On Mar 26, 2011, at 5:07 AM, Gregg Reynolds wrote:

> On Fri, Mar 25, 2011 at 2:59 PM, Pat Hayes <> wrote:
> On Mar 25, 2011, at 12:02 PM, Gregg Reynolds wrote:
>> On Fri, Mar 25, 2011 at 9:41 AM, Pat Hayes <> wrote:
>> No, this does not follow. Skolemizing replaces an existentially bound variable (a bnode) with a logical "name", but this does not imply naming in Even's sense. A logical name need not be a proper name. So, given the two indistinguishable balls in Evens' basin, I can pull a mathematician's trick and say, "call them A and B". This does not "name" either one of them in the sense of being able to identify the particular referent of the name, but it does enable me to say things about the balls in the basin.
>> I'm afraid not.  It allows you to say things about some imaginary "things" you name A and B (i.e. it allows you to state generalities); it does not allow you to say things about THE particular balls in THE particular basin.  That's rather the point of the exercise, I should think.
> I disagree. It does enable me to speak of the balls in the basin, the actual balls. There are truths about them which do not require them to be individually identified, like the one I mentioned. 
> My use of ungrounded non-rigid names does not make their referents imaginary. The non-rigidity comes from the fact that the names can be interpreted w.r.t. the intended interpretation universe (in this case, two balls in a basin) in more than one way. It might be this ball that is called 'A' and the other that is called 'B'; or, it may be the other way round. Without rigid reference, I cannot be sure which.
> Right.  But what you can be sure of is that whatever you say about them can only be contingently true at best.

Well, of course. Most of what is said in most data is contingently true, right? Necessary truths tend to get incorporated into mechanisms.

>  In particular, A and B could refer to the same ball, rendering "A != B" false.

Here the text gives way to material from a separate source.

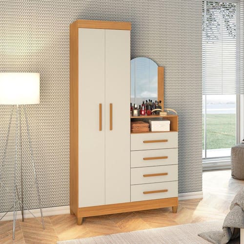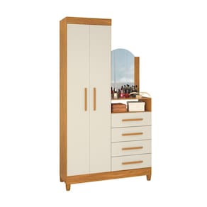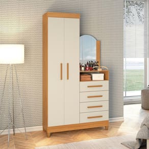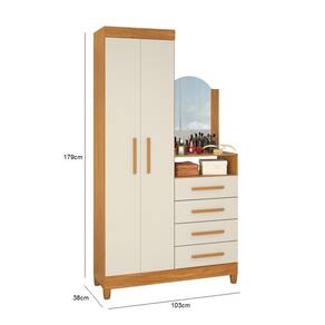 Características: Estrutura MDP 12 mm 2 Portas MDP 15 mm 4 Gavetas com corrediças metálicas Espelho medindo 59x33,5x3 cm (AxLxP) Puxadores em MDF revestido 1 Cabideiro plástico 1 Prateleira 4 Pés

That is in one interpretation, yes. Which is why the sentence is worth saying: it conveys something factual about the world being described, by ruling out those interpretations in which it is false. The utterance of necessary truths rapidly gets rather boring. 

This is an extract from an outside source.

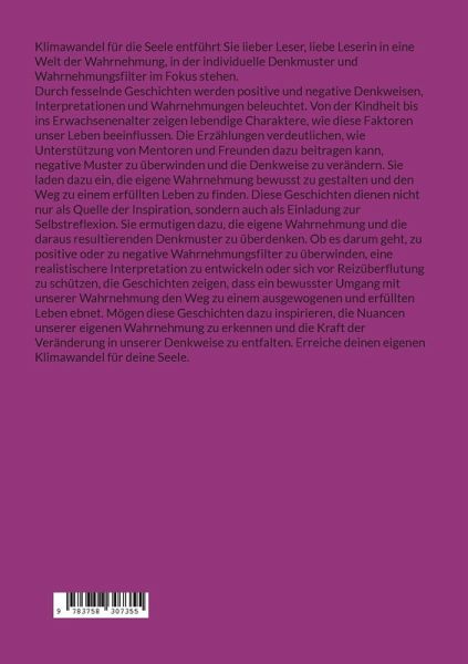 Klimawandel für die Seele entführt Sie lieber Leser, liebe Leserin in eine Welt der Wahrnehmung, in der individuelle Denkmuster und Wahrnehmungsfilter im Fokus stehen. Durch fesselnde Geschichten werden positive und negative Denkweisen, Interpretationen und Wahrnehmungen beleuchtet. Von der Kindheit bis ins Erwachsenenalter zeigen lebendige Charaktere, wie diese Faktoren unser Leben beeinflussen. Die Erzählungen verdeutlichen, wie Unterstützung von Mentoren und Freunden dazu beitragen kann, negative Muster zu überwinden und die Denkweise zu verändern. Sie laden dazu ein, die eigene Wahrnehmung bewusst zu gestalten und den Weg zu einem erfüllten Leben zu finden. Diese Geschichten dienen nicht nur als Quelle der Inspiration, sondern auch als Einladung zur Selbstreflexion. Sie ermutigen dazu, die eigene Wahrnehmung und die daraus resultierenden Denkmuster zu überdenken. Ob es darum geht, zu positive oder zu negative Wahrnehmungsfilter zu überwinden, eine realistischere Interpretation zu entwickeln oder sich vor Reizüberflutung zu schützen, die Geschichten zeigen, dass ein bewusster Umgang mit unserer Wahrnehmung den Weg zu einem ausgewogenen und erfüllten Leben ebnet. Mögen diese Geschichten dazu inspirieren, die Nuancen unserer eigenen Wahrnehmung zu erkennen und die Kraft der Veränderung in unserer Denkweise zu entfalten. Erreiche deinen eigenen Klimawandel für deine Seele.
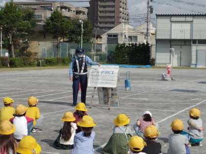 お話を聞いた後、実際に校庭にかいた横断歩道で道路を渡る練習をしました。教えて頂いたことをしっかり守って安全に登下校させたいと思います。

>  Furthermore your interpretation would be private

The statement, and what it conveys about the world being described, can be public. The proposition it expresses is publicly accessible. Which is the best we can hope for :-)

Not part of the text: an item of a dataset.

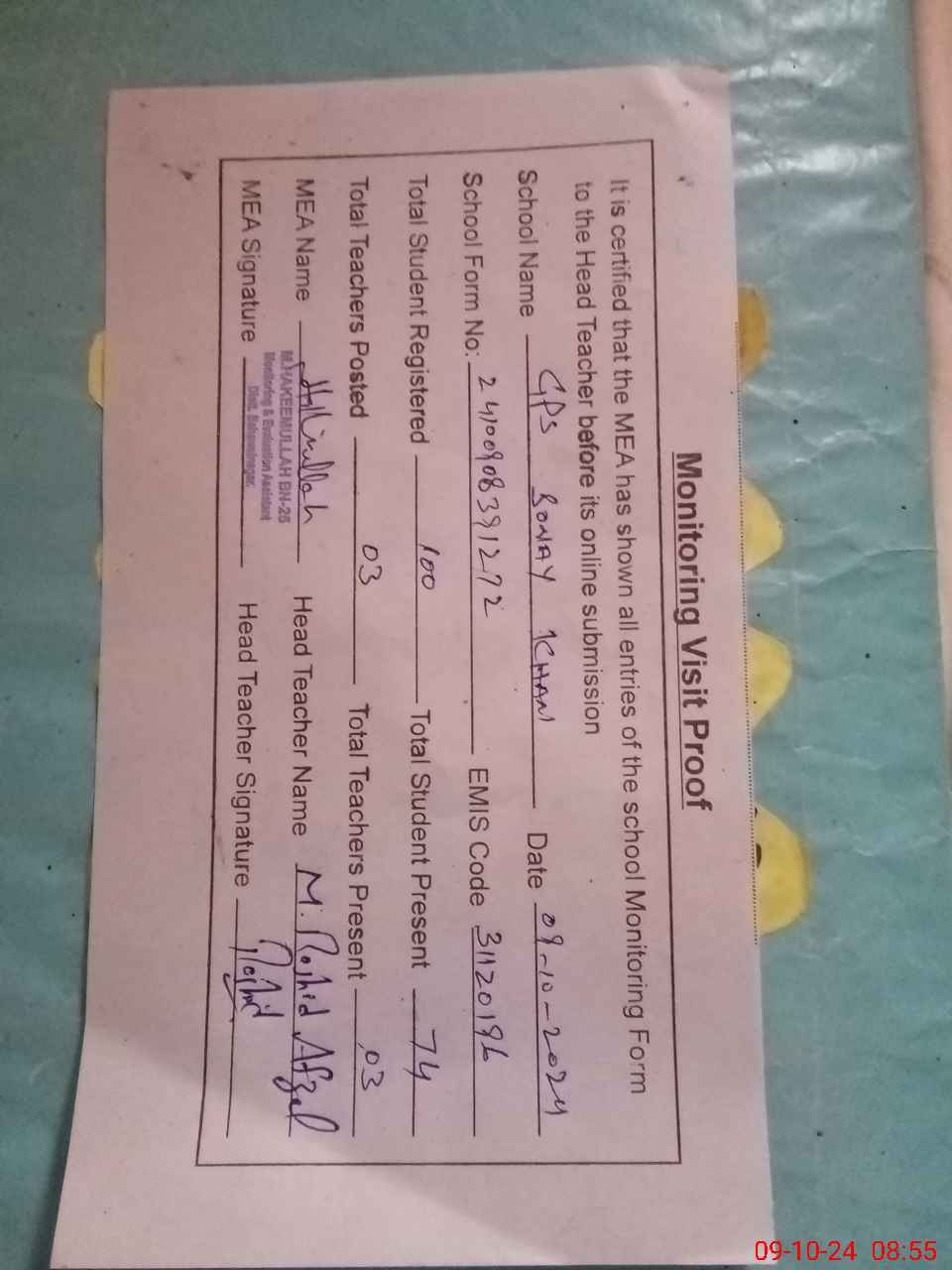 | EMIS Code: 31120196 | Name of School: GPS SONAY KHAN | |||

> , since nobody but you would know what you intend by using the names.  Which effectively means you cannot name them.
> I'm not sure why this is off list.

Oh, neither am I. Sorry, just hit the wrong button. I will put the CCs back in this reply.

>  ...
> Perhaps, but not on this particular topic. The idea that model theory is about 'imaginary' things because it is couched in terms of set theory is a widespread fallacy, but it is none the less fallacious for all that. 
> I meant "product of the imagination", i.e. mind.  Like numbers.  We're not all Platonists, you know.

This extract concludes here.